# Listing Price Questions PLS S4 320GB



## qtheking (Aug 27, 2007)

I'm thinking about listing a Premiere 320gb 2 tuner with PLS because I got shafted by the local cable company and am stuck with D* for a couple of years. I don't know what a good starting price is for eBay. It looks like their fees are astronomical now.
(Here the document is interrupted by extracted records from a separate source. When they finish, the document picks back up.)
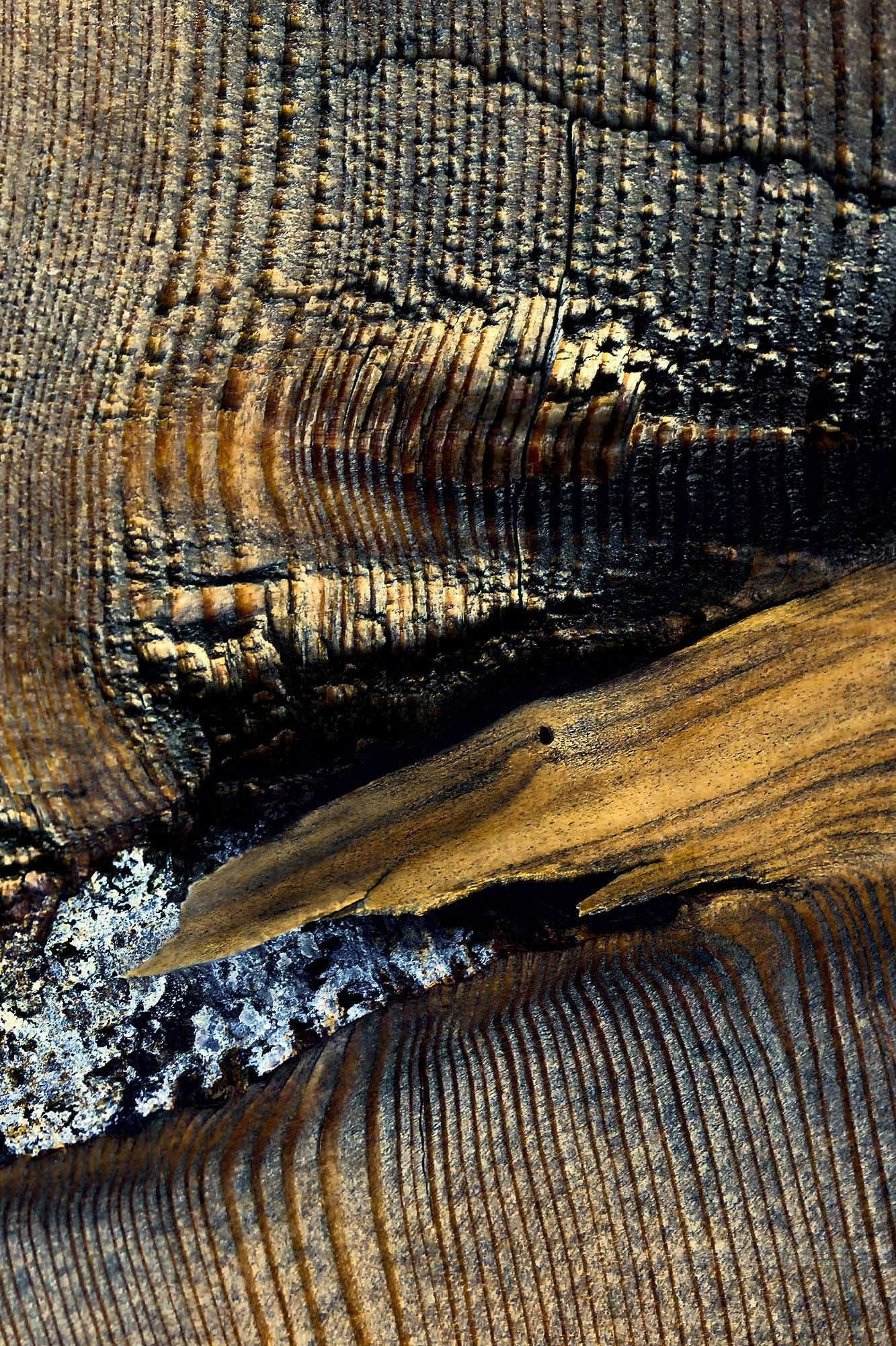 Langsam bildeten sich obsidianartige Seen, die silbern schimmerten und das genarbte Holz umschlossen.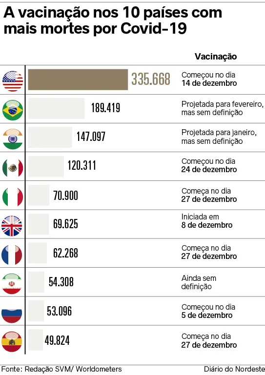 Com mais de 7,4 milhões de casos confirmados, o Brasil se aproxima da marca de 190 mil mortes causados pela Covid-19. Com isto, é o segundo mais mais atingido pela pandemia, tanto em número de registros da doença como em óbitos. Contudo, o país só deve iniciar a vacinação antes do Irã, que ainda não definiu data para o início da vacinação. No caso do país do Oriente Médio, no entanto, as sanções impostas pelos Estados Unidos ao governo, o Irã tem enfrentado dificuldades para realizar transferências internacionais e negociar a compra de vacinas.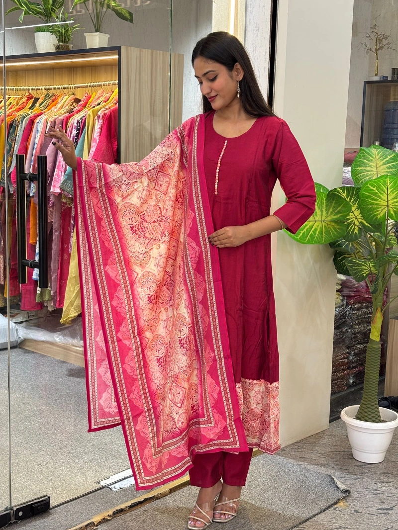 This image shows a person modeling a magenta ethnic suit set with a contrasting printed dupatta. The outfit features a straight-fit kurta and trousers, likely made from a silk blend or similar fabric, which is suitable for festive wear or functions.
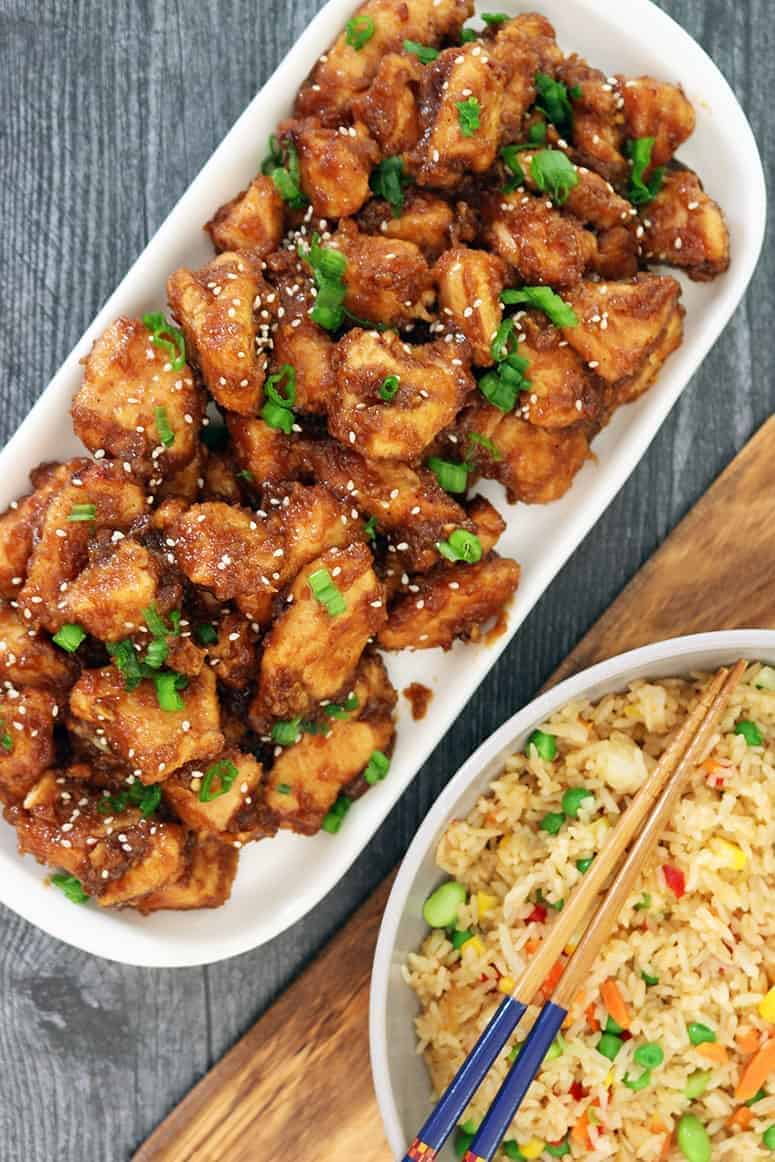 This tangerine chicken recipe pairs juicy, tender chicken breasts with the most delicious sweet and tangy Asian tangerine sauce that’s a little spicy, a little sweet, and a little savory all at once. Enjoy the perfect balance of flavors in a single dish.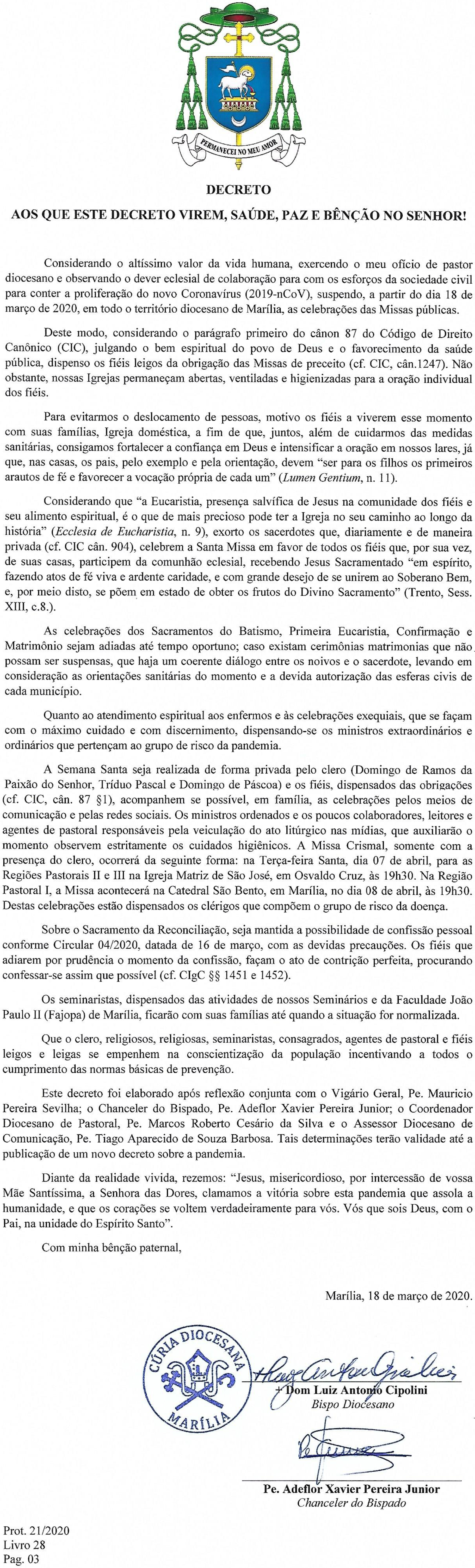 Dois dias depois de editar a Circular nº 04/2020, com restrições às atividades religiosas nas igrejas católicas da Diocese de Marília (reveja), o bispo diocesano Dom Luiz Antonio Cipolini editou e fez divulgar nesta quarta-feira (18) um Decreto onde tornam ainda mais restritivas as medidas adotadas no sentido de ampliar os esforços para tentar evitar o contágio pelo vírus coronavírus (Covid-19). Em Adamantina, as novas medidas atingem as três paróquias e suas atividades.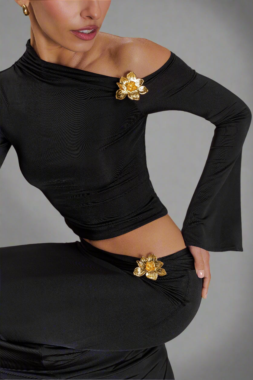 • Floral hardware detail and flattering lined bodice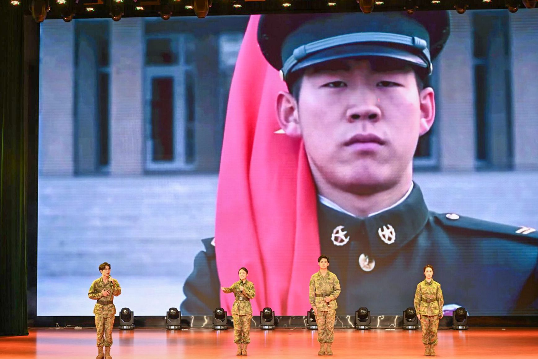歌曲《如愿》旋律柔和但充满力量,歌词串联起不同时代的坚守与奉献,既有对前辈们奋斗历程的崇高致敬,也是对即将踏上军旅的新兵们的殷切嘱托。taptap点点体育话剧团带来的话剧《仗》,以抗日战争为背景,再现了村民与军人并肩作战、生死与共的感人故事,抒写了浓厚的军民鱼水情。歌曲《士兵的桂冠》旋律激昂,是军人刚毅品格的音乐写照,节奏铿锵有力,引发全场共鸣,观众齐声合唱,将现场氛围推向高潮。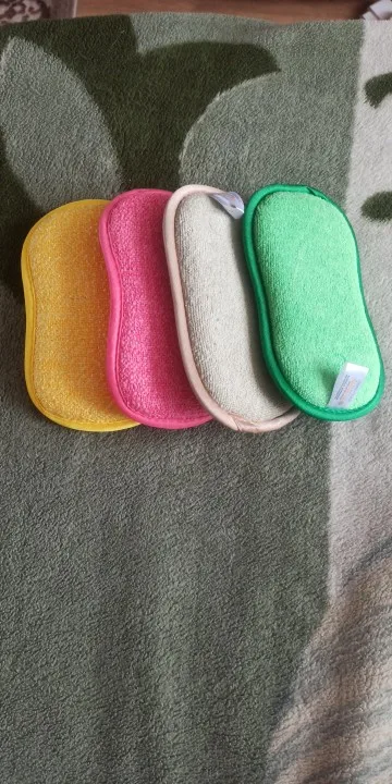 Прислали 4 губки для посуды разных цветов. Спасибо продавцу и магазину!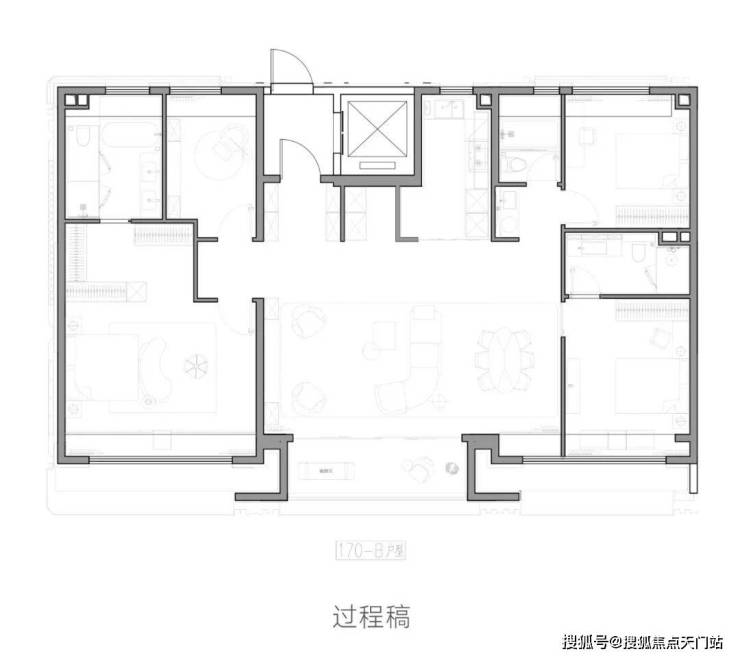 建面约170㎡B户型,五面宽,南向总面宽约17.2米,餐客厅面宽约8.2米。主卧面宽约5.4米,独立衣帽间,设计三套房,收纳做足。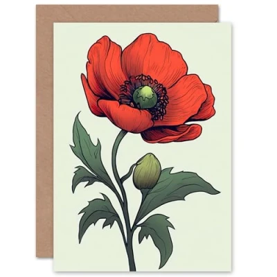 Artery8 Poppy Anemone Single Flower for Wife Her Mum Sister Daughter Mom Gran Nan Thinking of You Sympathy Blank Art Greeting Card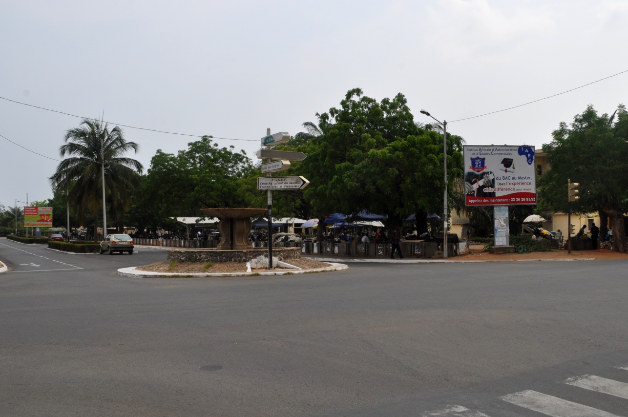 An intersection with the French style of direction markers (this is a former French colony, after all)...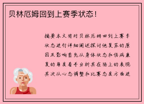 摘要:本文将对贝林厄姆回到上赛季状态进行详细阐述,探讨他复苏的原因及影响。首先从身体状态和伤病康复的角度着手,分析其在场上的表现;其次从心态调整和比赛态度方面进行分析,探究其在比赛中的表现是否有所改变...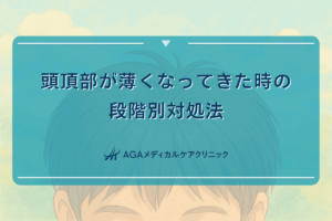 | 中期 | 頭頂部の地肌が透けて見える | 根気強い治療の継続が必要。 |

Its approaching 2 yrs old, and I may list it with my old 500GB DVR Extender, but I also have a 1TB extender and don't know if its worth listing with that or not?? My wife and I love the TiVo but its a paperweight with D* and the DirecTiVo doesn't support half the features of the real TiVos....

Any help is appreciated


----------



## Dan203 (Apr 17, 2000)

List here first and see if you get any offers. (no fees here) I don't know what you want for it, but I suspect you could get at least $350 for it, maybe more. 

Dan


----------



## qtheking (Aug 27, 2007)

I'm open to offers... The unit sat in a TV cabinet alone with nothing else on the shelf for about 2 years.. only had 1 cablecard in it from the onset of service. I have a 500GB extender I used with my old S3HD.. I'd be willing to part with that unit as well.. it is not lifetime.. just standard plans with no commitment needed afaik.


----------



## Dan203 (Apr 17, 2000)

Is the S3 the original one with the OLED screen on the front? Or the TiVo HD one?

Dan


----------



## qtheking (Aug 27, 2007)

Its not the THX S3.. its the generic HD w/ 160GB iirc... Its the mass market one from late 2007 that was like $299 back then.


----------



## Dan203 (Apr 17, 2000)

That's not going to be worth much without a lifetime sub. Looking on eBay they go for like $30-$50. 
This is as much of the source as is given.